E' questo, uno dei chiarimenti contenuti nell'importante sentenza 3208/2019 del Consiglio di Stato, che mette alcuni paletti in materia di distinzione tra sostituzione, ristrutturazione e nuova costruzione in edilizia.

Nel caso di specie, il ricorso contro una sentenza del Tar Milano concernente il diniego di condono edilizio e la conseguente ordinanza di ingiunzione alla demolizione, viene respinto dai giudici del Consiglio di Stato in quanto:

  • le opere edilizie realizzate, contrariamente a quanto descritto nella domanda di condono, non risultano qualificabili in termini di ampliamento essendo stato interamente demolito il manufatto preesistente; di questo infatti, all’esito dei lavori, è residuato soltanto un modesto lacerto del muro perimetrale privo di consistenza architettonica e strutturale;
  • non si tratta quindi di una demolizione soltanto parziale, come afferma l’appellante, bensì di una demolizione che ha interessato la struttura preesistente nella sua interezza così da impedire la configurabilità dell’intervento di ampliamento descritto nella domanda di sanatoria.
  • non ha nessuna rilevanza il fatto che una parte dei mattoni sia stata “riciclata” ai fini della nuova edificazione attraverso il loro posizionamento all’interno dei muri perimetrali, in quanto tale preesistenza non solo non ha autonoma dignità strutturale, valendo soltanto come massa di inerti riutilizzati, ma è privo di ogni impatto estetico;
  • l'intervento, anche nella sua versione cosiddetta “pesante”, è da intendere come un intervento di recupero, che nel caso di specie non si configura dal momento che il manufatto preesistente risulta interamente demolito
  • il concetto stesso di ampliamento non può prescindere dalla permanenza in situ di una parte del manufatto preesistente nella sua consistenza edilizia originaria, nel caso di specie insussistente.

Demolizione e ricostruzione o nuova costruzione: le discriminanti

Secondo Palazzo Spada, il criterio discretivo tra l’intervento di “demolizione e ricostruzione” e la “nuova costruzione” è costituito proprio, nel primo caso, dall’assenza di variazioni del volume, dell’altezza o della sagoma dell’edificio, per cui, in assenza di tali indefettibili e precise condizioni si deve parlare di intervento equiparabile a “nuova costruzione”, da assoggettarsi alle regole proprie della corrispondente attività edilizia.

Tali criteri hanno un ancora maggiore pregio interpretativo a seguito dell’ampliamento della categoria della demolizione e ricostruzione operata dal d.lgs. 301/2002 in quanto “proprio perché non vi è più il limite della ‘fedele ricostruzione’ si richiede la conservazione delle caratteristiche fondamentali dell’edificio preesistente nel senso che debbono essere presenti gli elementi fondamentali, in particolare per i volumi” per cui “la ristrutturazione edilizia, per essere tale e non finire per coincidere con la nuova costruzione", deve conservare le caratteristiche fondamentali dell’edificio preesistente e la successiva ricostruzione dell’edificio deve riprodurre le precedenti linee fondamentali quanto a sagoma, superfici e volumi (cfr.

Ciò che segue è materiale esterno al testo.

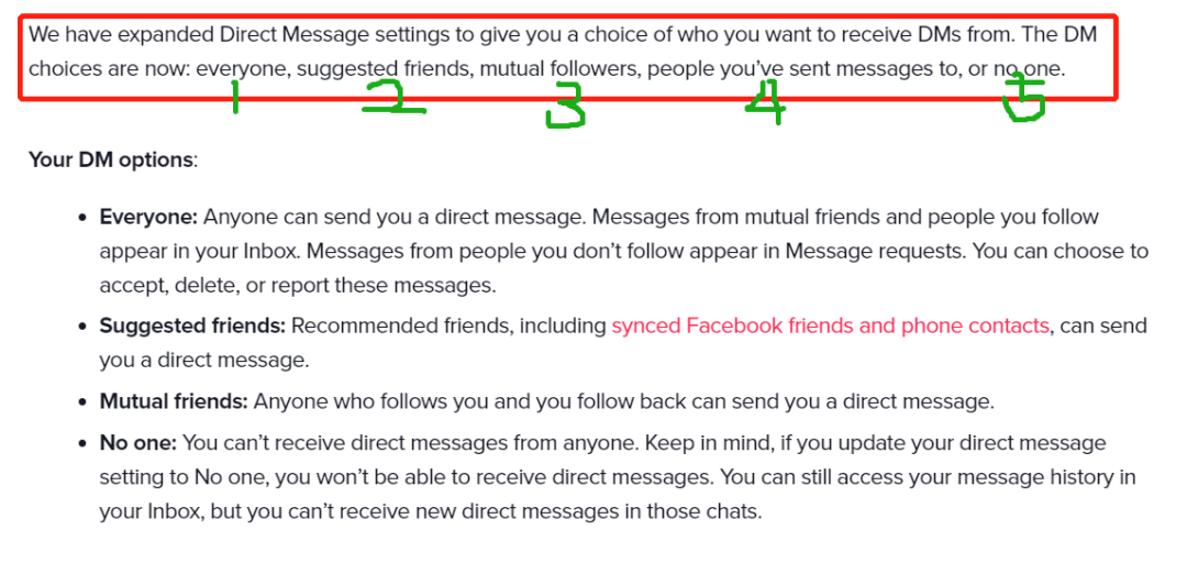 据 The Information 1 月 25 日消息,TikTok 正在通过邮件通知用户,App 内 DM(direct message 私信)的设置权限被扩大了。其实,这项设置权限在 2022 年 11 月就已经低调更改,更改之前,用户只能接收来自互关好友以及被推荐过的用户(Facebook、手机通讯录联系人)的私信,更改之后的权限下,用户有了 5 种选项,分别是所有人、被推荐过的用户、共同关注人(用户关注的/关注用户的人)、自己先发送过私信的用户以及谁都不行。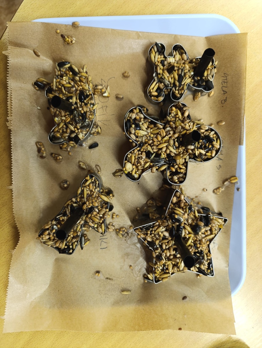 Připravenou směs děti plnily do různých vykrajovátek, které sloužily jako formičky. Po zatuhnutí vznikly krásné tvary. Hotová krmítka pak společně zavěsily na keříky a stromečky na školní zahradě.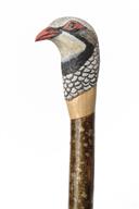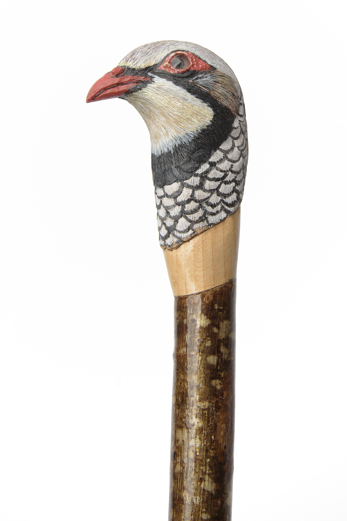 measuring approx. 54in. in length, hardwood shaft, bone ferrule, the head carved and painted in the form of a French partridge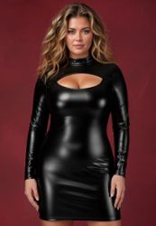 A body-hugging black wetlook mini dress with a sleek shine, a high neck and a daring keyhole cut-out. It smooths the silhouette and turns every step into a spotlight moment.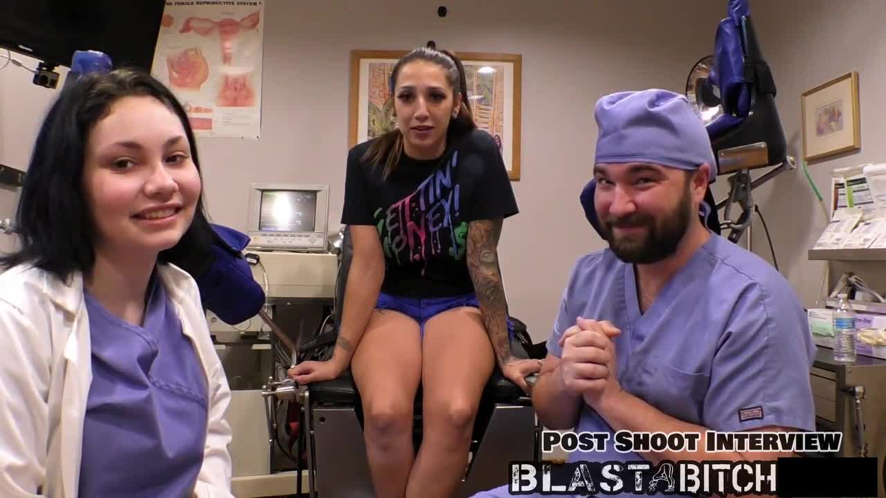 stacy shepard's pussy blasted with cum after nurse blowjob in pov. gloves on, vibrator spreads her wide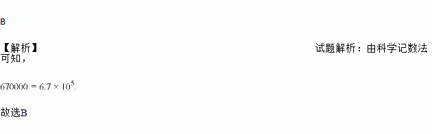 A. 6.7×104 B. 6.7×105 C. 6.7×106 D. 67×104

Cons. Stato, sez. V, 9 agosto 2018, n. 4880).

Senza conformità, non c'è sanatoria edilizia

Nel caso di specie, tale conformità con il preesistente non sussiste e pertanto emergono i presupposti per ritenere le opere non suscettibili di sanatoria, avuto riguardo a quanto statuito dall’art. 2 della legge Regione Lombardia n. 31 del 2004, che, nell’introdurre una disciplina più restrittiva rispetto all’art. 32 del D.L. n. 269 del 2003, consente la sanabilità degli “ampliamenti entro i limiti massimi del 20 per cento della volumetria della costruzione originaria o, in alternativa, di 500 metri cubi” ed esclude, invece, dal condono “le opere abusive relative a nuove costruzioni, residenziali e non, qualora realizzate in assenza del titolo abilitativo edilizio e non conformi agli strumenti urbanistici generali vigenti alla data di entrata in vigore della presente legge”. La natura dell’intervento quale opera di “nuova costruzione” invece che di ampliamento, come afferma parte appellante, comporta quindi che esso non è riconducibile all’alveo applicativo del condono come regolato dalla disciplina regionale, promulgata a seguito della sentenza della Corte costituzionale n. 196 del 2004.